Data from 2387 patients with T2DM (mean [standard deviation] age: 66.5  years; 52.5% female patients) who underwent teleophthalmic screening between 2010 and 2014 under the Singapore Integrated Diabetic Retinopathy Program were extracted from electronic medical records. All were referred for tertiary ophthalmic management at the Singapore National Eye Centre (SNEC). Nonadherence was defined as not attending the SNEC appointment within 6 months of the assigned appointment date. Regression analysis using traditional modified Poisson and conditional inference models was used to construct and evaluate the discriminative ability of the preliminary risk prediction model to identify nonadherent individuals.

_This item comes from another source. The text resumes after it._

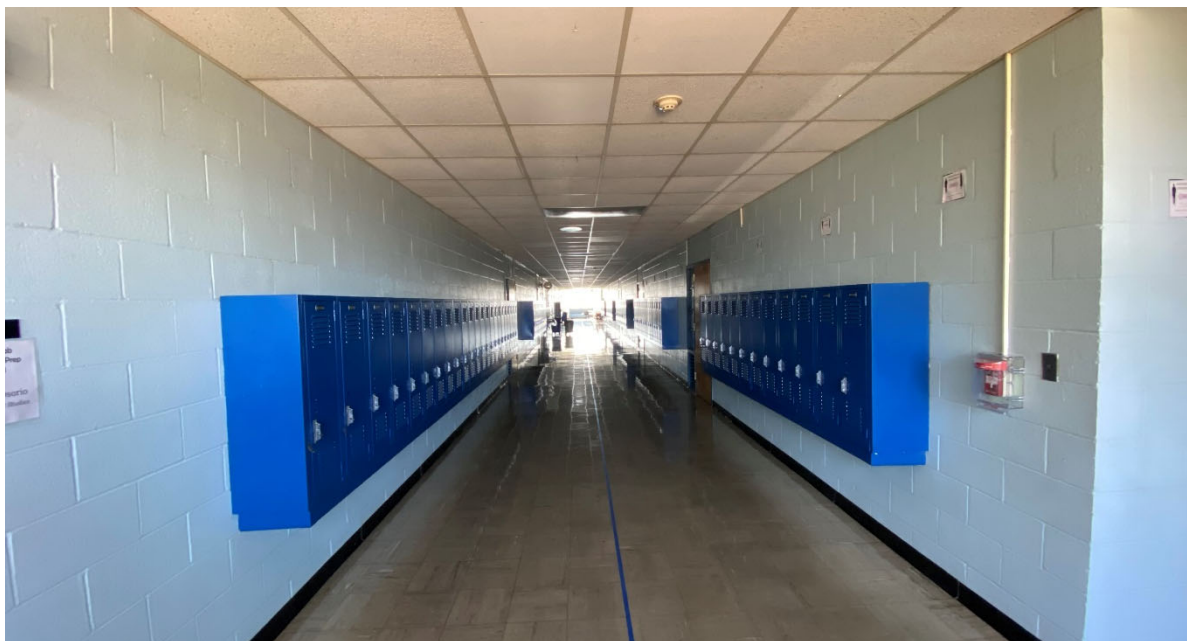
Corridors are approximately 10' wide but there is limited to no transparency into studios.

Nonadherence rates to PSOR was 12.7% (95% confidence interval, 11.4%–14.1%). In traditional multivariable models adjusted for sociodemographic, lifestyle, and ocular factors, nonadherent individuals had higher triglyceride levels and were less likely to have a referable eye condition (P < 0.05). This model was able to identify nonadherent individuals with an accuracy (area under the curve) of 84%. In contrast, the conditional inference model was able to achieve similar discriminative ability using only participants’ ocular health characteristics.
The rates of nonadherence to PSOR in Singaporean individuals with T2DM is low, with better ocular health being strongly predictive of nonadherence in our Asian population.
Our results may inform interventions to decrease nonadherence to PSOR.